Aberrant activation of oncogenic signals, ERK1/2 and AKT/mTOR in chondrosarcomas may sustain cell proliferation and survival. In line with this, it has been reported that treatment of rat chondrosarcoma cells with mTOR inhibitor, everolimus blocked cell proliferation and tumor progression . Owing to the role of ERK1/2 and AKT/mTOR in cell proliferation and survival, and given that inhibition of EGFR strongly decreased the constitutive activation of these pathways, we investigated a potential effect of AG1478 on cell survival and proliferation. We found that the TKI induced apoptosis in chondrosarcoma cells as evidenced by activation of Caspase-3 and cleavage of PARP, indicating that EGFR activation is required for chondrosarcoma survival.
We showed that AG1478 inhibits the proliferation of chondrosarcoma cells. Given that ERK1/2 pathway has a pivotal role in facilitating cell proliferation and cycle progression by activating cell cycle regulatory proteins during G0/G1 , we analyzed whether the TKI impairs cell cycle progression. Our data revealed that inhibition of EGFR by AG1478 produced arrest in the G0/G1 phase, suggesting that AG1478 exerts growth-inhibitory effects in chondrosarcoma cells by causing G0/G1 cell cycle arrest probably through inhibition of ERK1/2 signaling.
Our data indicated that cyclin D1 is up-regulated in chondrosarcoma cells. Given that, overexpression of cyclin D1 is correlated with tumor differentiation, poor survival, increased metastasis and resistance to certain cytotoxic drugs including tamoxifen [24–27] targeting cyclin D may be considered as an effective strategy for the treatment of chondrosarcoma. In line with this, the results obtained in the present study revealed that inhibition of EGFR activation with AG1478 induces inhibition of cyclin D1 expression. In addition, we showed that AG1478 treatment of chondrosarcoma cells strongly induced the expression of the cyclin/cdk inhibitor p27kip1. Of note, increased levels of p27kip1 protein typically cause cells to arrest in G1 phase by inhibiting the catalytic activity of cdks. In line with this, our results showed that treatment with AG1478 produced cell cycle arrest at G0/G1 phase. Interestingly, it has been reported that overexpression of EGFR in cancer cells plays a role in accelerated proteolysis of p27 protein and allow the cancer cells to undergo rapid division and uncontrolled proliferation . Accordingly, inhibition of the EGF receptor with AG1478 increased the levels of p27kip1 protein in chondrosarcoma cells.
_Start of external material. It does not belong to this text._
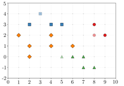 Задание 3. На плоскости даны 18 точек с целыми координатами. У каждой точки есть номер класса: 0, 1, 2 или 3.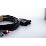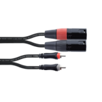 The EU MC is an unbalanced twin cable for connecting two mono XLR outputs to two RCA inputs. The transmission is unbalanced. The rugged RCA and XLR connectors with nickel-plated contacts, colored channel marking, molded-on bend protection, and a durable PVC jacket ensure long durability and high mating cycles.

The metastatic process is complex, and tumor cells need to overcome many barriers to reach and grow in distant organs . Chondrosarcoma metastasis needs degradation of ECM which is mainly composed of collagen and proteoglycans. Two main enzymes are involved in the degradation of ECM, MMP-13 which exhibits high activity towards collagen and MMP-3 that degrades proteoglycans . It has been reported that chondrosarcoma produces high amount of MMP-13, suggesting that it may facilitate cartilage destruction through degradation of type II collagene and remodeling of collagenous ECM . MMP-13 expression is also reported in primary and metastatic melanomas  and has been shown to enhance the invasion capacity of HT1080 fibrosarcoma cells . Here, we showed that AG1478 treatment of HEMC-SS chondrosarcoma cells inhibits the expression of MMP-13 and MMP-3, suggesting that inhibition of EGFR may impair metastatic potential of chondrosarcoma. In line with this, it has been shown that EGFR activation in melanocytes resulted in a strong induction of MMP-13 in ERK1/2-dependent manner .
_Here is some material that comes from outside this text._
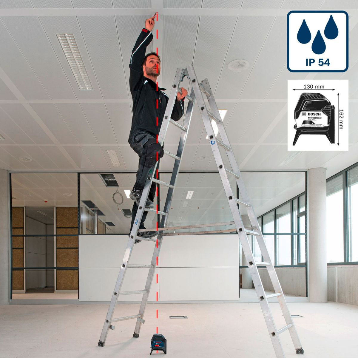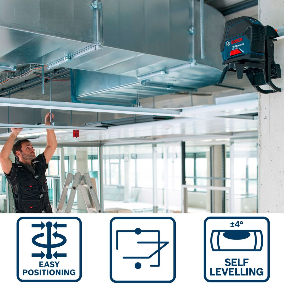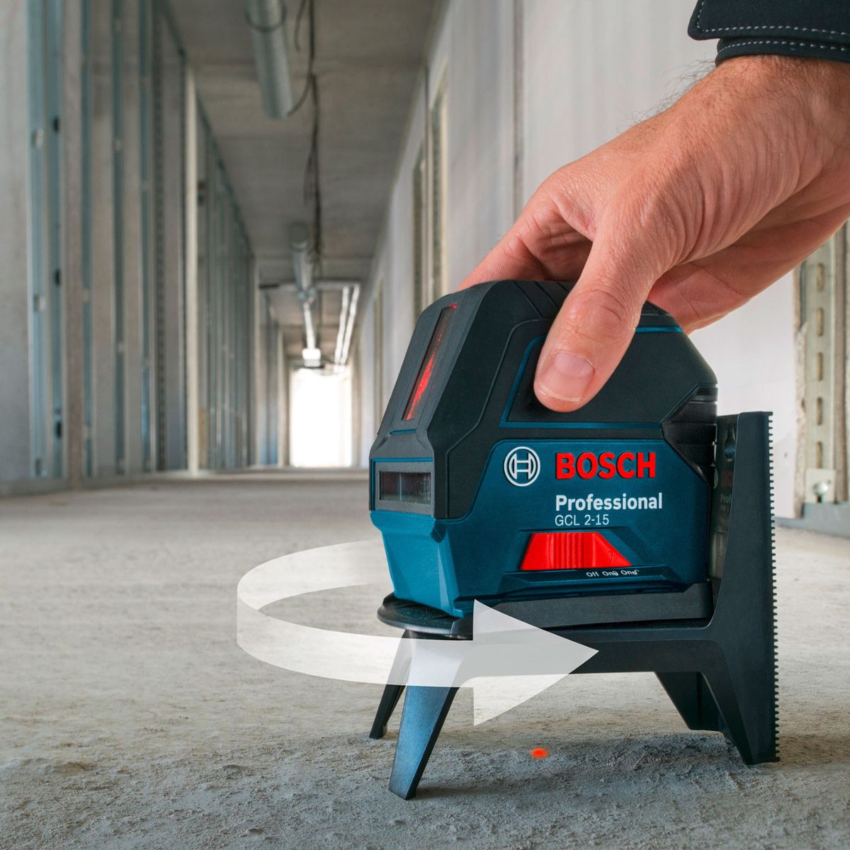 Лазер линеен-точков Bosch GCL 2-15 Professional е компактен и универсален комбиниран лазер, предназначен за всички задачи по нивелиране на къси разстояния. Инструментът предлага лесна и интуитивна работа с една ръка, благодарение на опростения си интерфейс и практичния дизайн. Защитата срещу махаловидно движение осигурява безопасно транспортиране, като предотвратява вътрешни повреди при преместване. Уредът дава възможност за избор между линеен и точков режим, което го прави подходящ за широк кръг приложения. С възможност за хоризонтално и вертикално самонивелиране до ±4°, той гарантира висока точност при измерване и маркиране. Осигурява ясни хоризонтални и вертикални лазерни линии, както и две центрирани отвесни точки с отлична видимост, дори при слабо осветление. Лазерните линии могат да се позиционират около отвесните точки, което осигурява допълнителна гъвкавост при различни задачи. За още по-прецизно и удобно позициониране, Bosch GCL 2-15 се комбинира с въртящия се мултифункционален държач RM 1 Professional, който предлага множество възможности за закрепване и насочване. Това прави инструмента идеален избор за монтажни, довършителни и ремонтни дейности в интериора.

The use of therapeutic monoclonal antibodies in patients with solid tumors has been most successful with classes of antibodies targeting the ERBB family including EGFR [20, 35]. Here, we showed that EGFR neutralizing antibodies, directed against the external domain of the receptor, strongly inhibits the oncogenic signals, ERK1/2 and AKT triggered by EGFR activation. This indicates that monoclonal antibodies therapy may be beneficial for the treatment of chondrosarcoma with activated EGFR through a paracrine/autocrine loop. Taken together, our study reveals that EGFR is activated predominantly in high-grade chondrosarcoma tumors and may be used as a biomarker of chondrosarcoma cancer progression. Because of their heterogeneity, with differences in invasive and metastatic behaviour, it is important to identify biological markers that will allow for a more accurate estimation of prognosis in patients with these tumors. This study also reveals that constitutive EGFR activation drives the oncogenic signals in chondrosarcoma and suggests that inhibition of EGFR by TKIs or neutralizing antibodies may be proven effective in the treatment of high-grade chondrosarcoma.
Materials and Methods
Cell culture and treatments
The human chondrosarcoma cell lines HEMC-SS (extraskeletal myxoid chondrosarcoma) and SW1353 (grade II chondrosarcoma of bone) were obtained from the European Collection of Animal Cell Cultures (ECACC; Salisbury, UK) and the American Type Culture Collection (ATCC; LGC, France), respectively. The human chondrosarcoma cell line CH2879 (grade III chondrosarcoma of bone) was obtained from Pr. Rosario Gil-Benso (The University of Valencia, Spain) . They were cultured in Dulbecco’s modified Eagle’s medium/F12 (F12/DMEM) (1:1) supplemented with 10% (v/v) fetal bovine serum, penicillin (100 U/ml)/streptomycin (100 μg/ml), and 1 mM glutamine at 37° C in a humidified incubator containing 5% CO2. Chondrosarcoma cells were seeded in 6-well plates at 2 × 105 cells per well, allowed to attach overnight then treated with the EGFR specific inhibitor, tyrphostin AG1478, (Sigma, Saint Louis MO) or vehicle (DMSO) at a concentration of 1 μM or 5 μM. Treatment of chondrosarcoma cells with neutralizing anti-EGFR antibody (Clone LA1, Millipore, Eschborn, Germany) or IgG (control) was performed overnight at a concentration of 5 μg/ml and 10 μg/ml, respectively. At the end of the treatment period, cells were washed with PBS and harvested for western blot and mRNA expression analyses.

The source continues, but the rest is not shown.